Consider a ring $R$ and two $R$-modules $M$ and $N$. A linear map (or $R$-linear map, or module homomorphism) from $M$ to $N$ is a function $f:M\to N$ that satisfies the following conditions for all $m,m^\prime\in M$ and all $r\in R$:

1. $f(m+m^\prime)=f(m)+f(m^\prime)$.

2. $f(r\cdot m)=r\cdot f(m)$.

If $f:M\to N$ is a linear map between $R$-modules $M$ and $N$, we also write $f\in \text{hom}_R(M,N)$ or simply $f\in \text{hom}(M,N)$.

Examples

1. The identity map $\text{id}_M:M\to M,\hspace{5pt}m\mapsto m$ is an $R$-linear map for every $R$-module $M$.

2. The zero map $0:M\to N, \hspace{5pt}m\mapsto 0$ is an $R$-linear map for any two $R$-modules $M$ and $N$.

3. Consider the $R$-module $R^n$. For any fixed scalars $a_1,...,a_n\in R$, the map $$ f:R^n\to R, \hspace{5pt} (x_1,...,x_n)\mapsto a_1x_1+\cdots+a_nx_n $$ is an $R$-linear map. Notice that this linear map can also be viewed as matrix-multiplying a $(1\times n)$-matrix $A=(a_1,...,a_n)$ with a given vector $(x_1,...,x_n)^\top$ (viewed as an $(n\times 1)$-matrix).

4. More generally, any $(m\times n)$-matrix $A\in \mathcal{M}_{m\times n}(R)$ defines an $R$-linear map $f_A:R^n\to R^{m}, \hspace{5pt}x\mapsto Ax$. Conversely, every $R$-linear map $f\in \text{hom}(R^n,R^m)$ can be represented via an $(m\times n)$-matrix.

5. The differentiation map $D:R[x]\to R[x], \hspace{5pt} f(x)\mapsto f^\prime(x)$ for univariate polynomials is an $R$-linear map. Indeed, differentiation is additive and satisfies $(r\cdot f)^\prime=r\cdot f^\prime$ for all $r\in R$ and all $f\in R[x]$.

6. A univariate polynomial $p(x)=ax\in R[x]$ of degree $1$ and without constant term defines a linear map $p:R\to R,\hspace{5pt}x\mapsto ax$, where $a\in R$ is $p$’s only coefficient.

7. On the contrary, the univariate degree-$1$ polynomial $p(x)=x+1$, which we can also write as $p:R\to R,\hspace{5pt}x\mapsto x+1$, does not define a linear map. In particular, “linear” polynomials (in the sense that they are degree-$1$) do generally not define linear maps.

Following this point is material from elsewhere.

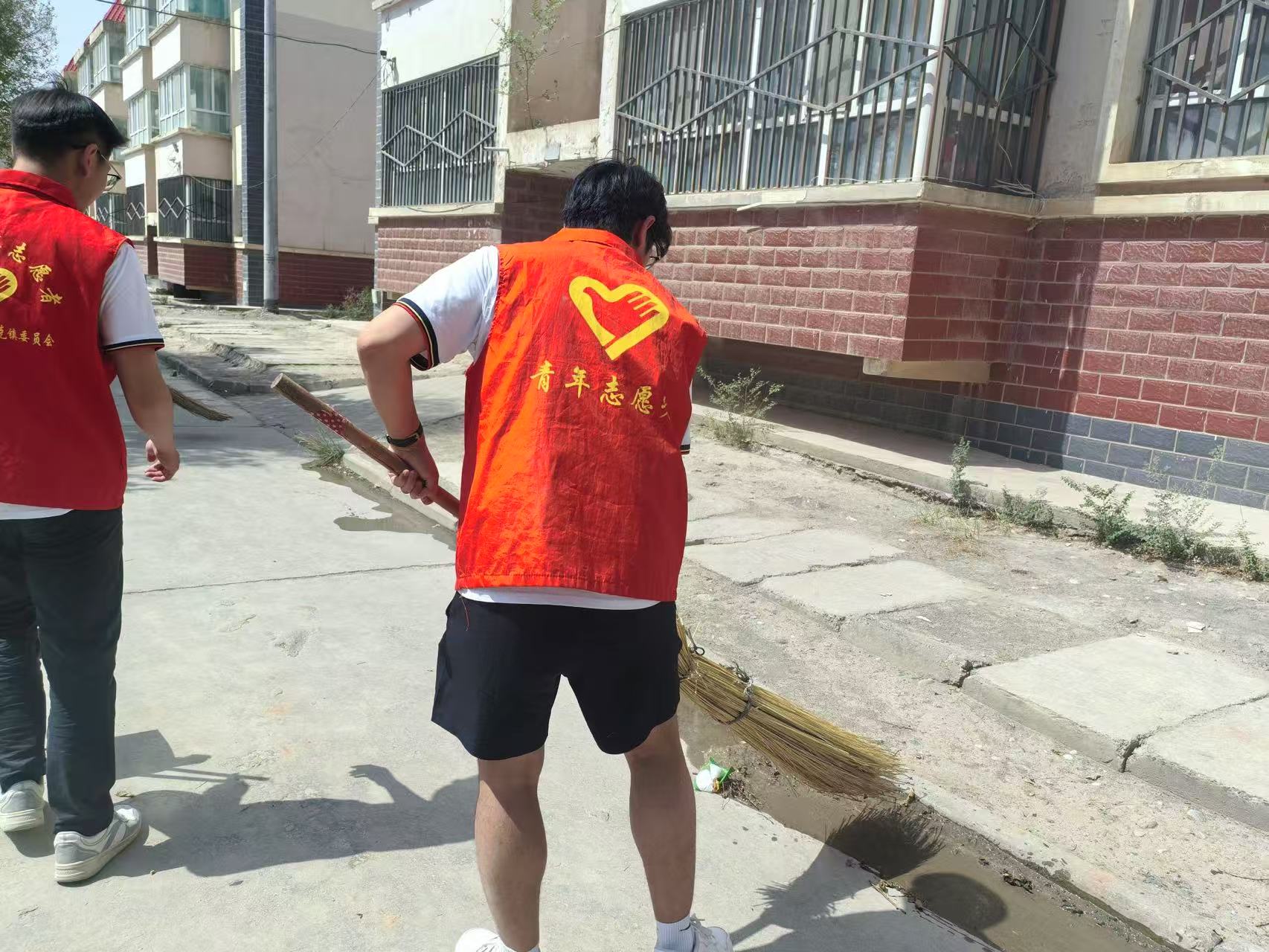 實(shí)踐團(tuán)隊(duì)打掃居民街道(攝/于思佳 阿婭拉·烏拉力別克 )

To see this in the example $p(x)=x+1$, consider the second condition of our definition above. Fix $m=0$ and let $r\in R$ be an arbitrary element of $R$ with the only restriction that $r\neq 1$. Then, we have $p(r\cdot m)\neq r\cdot p(m)$ because $$ p(r\cdot m)=p(r\cdot 0)=p(0)=1\neq r =r\cdot (0+1)=r\cdot p(0)=r\cdot p(m), $$ violating the second condition of our definition of linear maps.

Intuition

A linear map is a function that preserves the module structure in the sense that it respects the two basic operations that make a module a module: addition of elements and multiplication by scalars.

Notice that our definition here is almost equivalent to the definition of linear maps between vector spaces. The only difference is that we now allow scalars to come from a ring rather than a field.

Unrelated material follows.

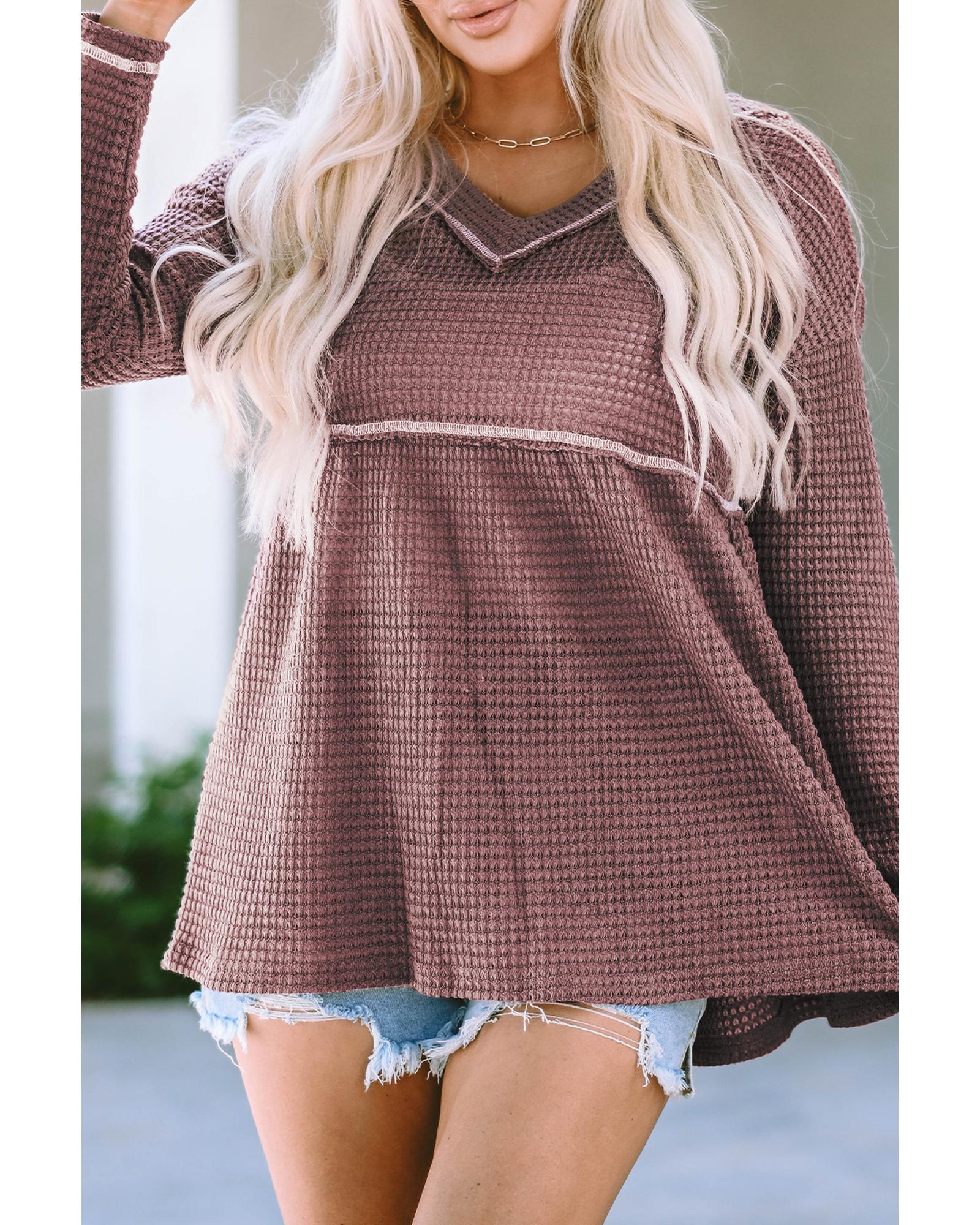 Pink Waffle Knit V Neck Long Sleeve Babydoll Top – L

Of all the above examples, keep Example 3 in mind, as it is the linear map that will be most relevant throughout the rest of this blog post series.

Isomorphisms

Definition

Consider a ring $R$ and two $R$-modules $M$ and $N$. An isomorphism from $M$ to $N$ is a linear map $f:M\to N$ for which there exists another linear map $g:N\to M$ such that the two equations

1. $g\circ f=\text{id}_M$
2. $f\circ g=\text{id}_N$

hold, where $\text{id}_X$ denotes the identity map on a given $R$-module $X$. In other words, applying $f$ and then $g$ gives us back the original element of $M$, and applying $g$ and then $f$ gives us back the original element of $N$.

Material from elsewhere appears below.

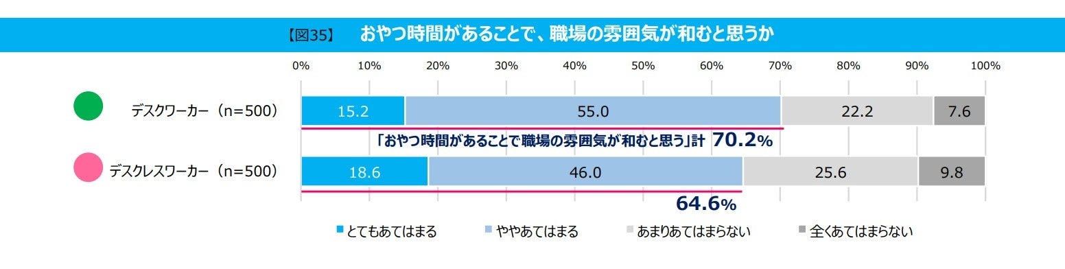 また、会社や職場へ出勤する「デスクワーカー」と「デスクレスワーカー」に聞いた「おやつ時間があることで、職場の雰囲気が和むと思うか」については、「デスクワーカー」は70.2%が、「デスクレスワーカー」は64.6%が「和むと思う」と回答しており、コミュニケーションの機会としても「おやつ時間」を望む声は多いようです。

If there exists an isomorphism $f:M\to N$, we say that $M$ and $N$ are isomorphic and write $M\cong N$.

The map $g:N\to M$ is called the inverse of $f$, usually denoted by $f^{-1}$.

Equivalently, an isomorphism is a linear map that is bijective, meaning that it is both injective and surjective.

Examples

1. The identity map $\text{id}_M:M\to M,\hspace{5pt}m\mapsto m$ is an isomorphism for every $R$-module $M$. Its inverse is itself.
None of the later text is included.